When I was a student in college, I would read each professor carefully to see which points were emphasized, what was written on the blackboard, what was included in handouts, etc. This would guide me in what to study. When I missed items on a test, I went back to my notes and figured out what I had missed and how I could have included it in my studying. That then guided my preparation for the next test. By the end of the course, I was unusually good at figuring out what would be on my exams: my overall GPA was 3.87. That wasn't because I was so much brighter than other students. I simply learned how to play the game.

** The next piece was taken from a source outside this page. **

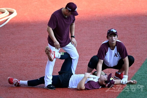 경기 전 키움 이정후가 김하성의 스트레칭을 돕고 있다.

Great traders learn how to play the game, only there are many potential games to play. Your edge doesn't come from the game itself, but from the process of mastery that allows you to win at the game. This is why trading journals have to incorporate detailed analyses of trades and how those trades could have been conceptualized, structured, and managed better, so that you constantly refine what you do. Many traders simply summarize their day or their feelings in a journal and wonder why they don't achieve mastery. Mastery comes from the mundane practice of taking one skill after another and honing them until consistency is achieved.
Talent is inborn, but it develops through exercise. What builds our trading performance is what builds us up in the gym: the steady tackling of challenges performed the right way. This is why there can be no trading edge without our pursuit of discomfort. Honing performance means embracing our shortcomings and turning those into learning and development. When that honing becomes an ongoing process, great things can happen.